X-Ray and Ultrafast Science, page three
This x-ray tomography image of a yeast cell was taken at ALS beamline 6.1.2. Internal organelles are color coded according to x-ray absorption, with the nucleus and large vacuole shown as red, lipid droplets as white, and other cytoplasmic structures as either orange or green.
Although the primary reason for retrofitting the ALS with superbends was to help meet the huge demand for protein crystallography research, the ALS also remains one of the world’s best tools for state-of-the-art research in materials science, chemistry, physics, and the environmental sciences. For example, a team of scientists used the ALS to determine that carbon-containing aerosols remain in the atmosphere much longer than previously thought — meaning they have more time to influence the Earth’s climate. The results, based on high-resolution images, will help climate scientists refine the computer models used to predict climate change. The images reveal that aerosol particles oxidize more slowly than earlier estimates indicated, which buys them more time to waft about in the atmosphere.

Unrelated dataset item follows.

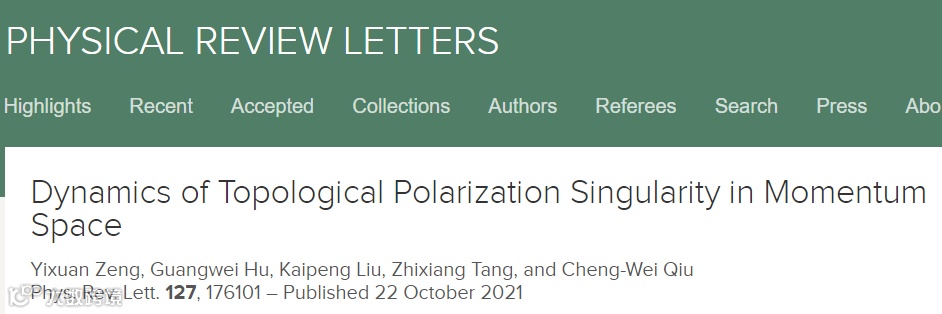 在光子晶体板结构中,不同于用来描述本征模式近场特性的拓扑能带理论,在其远场辐射的极化场中极化奇点作为一类新的拓扑特征被发现。近日,湖南大学唐志祥教授同新加坡国立大学仇成伟教授课题组合作,研究了极化奇点在光子晶体动量空间中的动态演变过程。相关研究成果以“Dynamics of topological polarization singularity in momentum space”为题,发表在Physical Review Letters上。
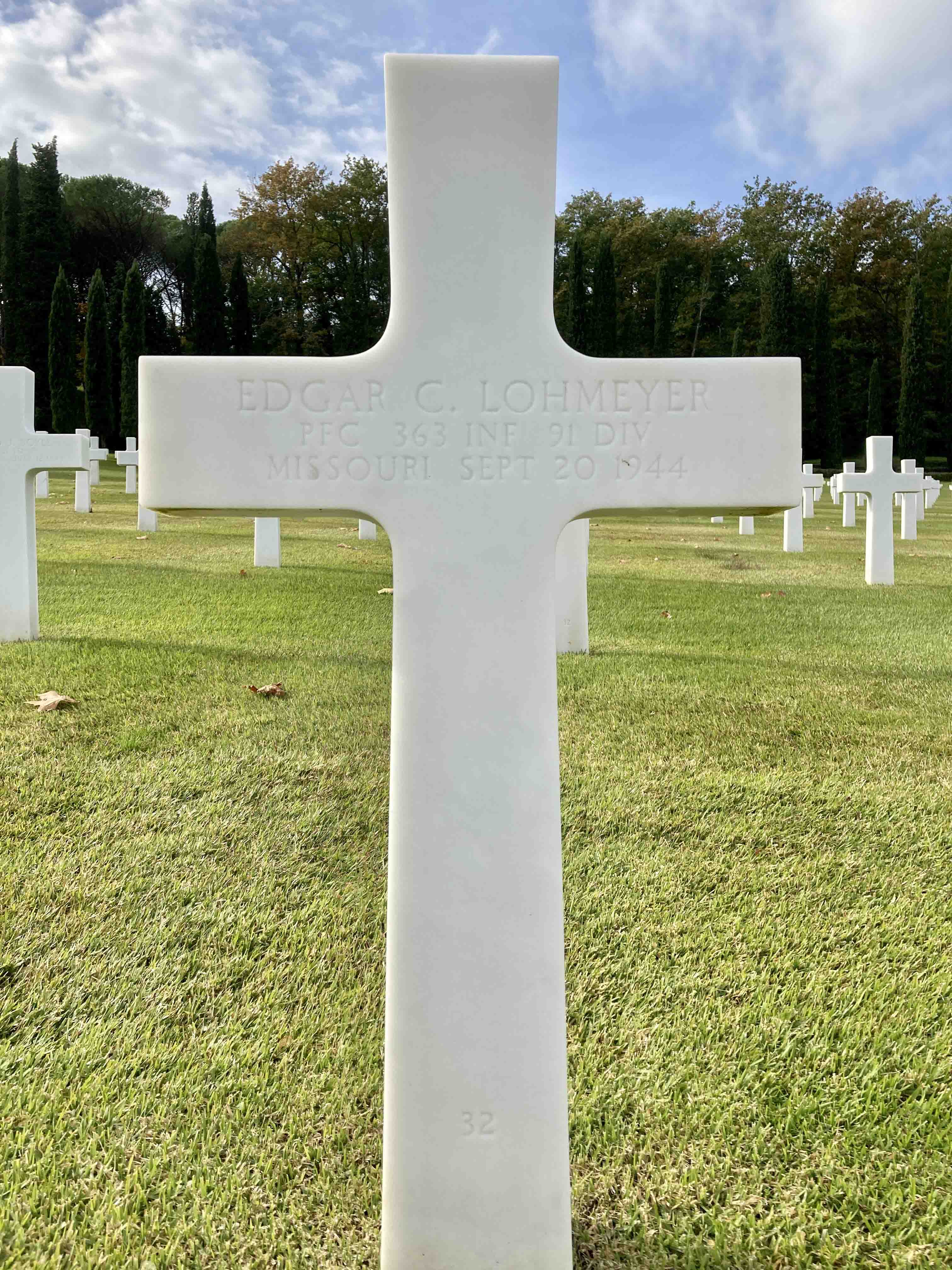 Edgar C. Lohmeyer entered the military service in Missouri. He served in the 363rd Infantry, 91st Infantry Division as a Private First Class during World War II. Edgar died on September 20, 1944 during the battle in the area of Ponzalla in Italy and is now buried in the Florence American Cemetery, Impruneta, Italy.

“Moore’s Law,” Gordon Moore’s prediction that the density of circuit elements on microchips will double every 12 to 18 months, has held true for the past 30 years. But if it is to continue to be the law for computer chips, new fabrication techniques will be needed. At the ALS, a consortium of industry and government labs has constructed the first prototype machine for measuring (and even printing) test computer chips using extreme ultraviolet light. Microprocessors based on this technology will operate ten times faster than today’s most powerful chips and are expected to come to market by 2007.
To learn how organisms work at the cellular level, a first-of-its-kind x-ray microscope built for the ALS holds forth the promise of “CT scans” for biological cells, and other unprecedented capabilities for cell and molecular biology studies. The new microscopy resource also promises a better understanding of human diseases at the molecular level and possibly new discoveries for treating those diseases.
In the quest to determine the chemical composition of solids with greater and greater accuracy, Berkeley Lab scientists are also using extremely short laser bursts that span one-quadrillionth of a second. These femtosecond-length laser bursts are used to zap a substance’s surface and dislodge an aerosolized plume of particles that can be spectroscopically analyzed. The technique is much more sensitive than similar systems that rely on longer, nanosecond-length laser bursts, and may revolutionize scientists’ ability to quickly and accurately analyze the chemical makeup of any solid—from nuclear material and hazardous waste to Martian rocks.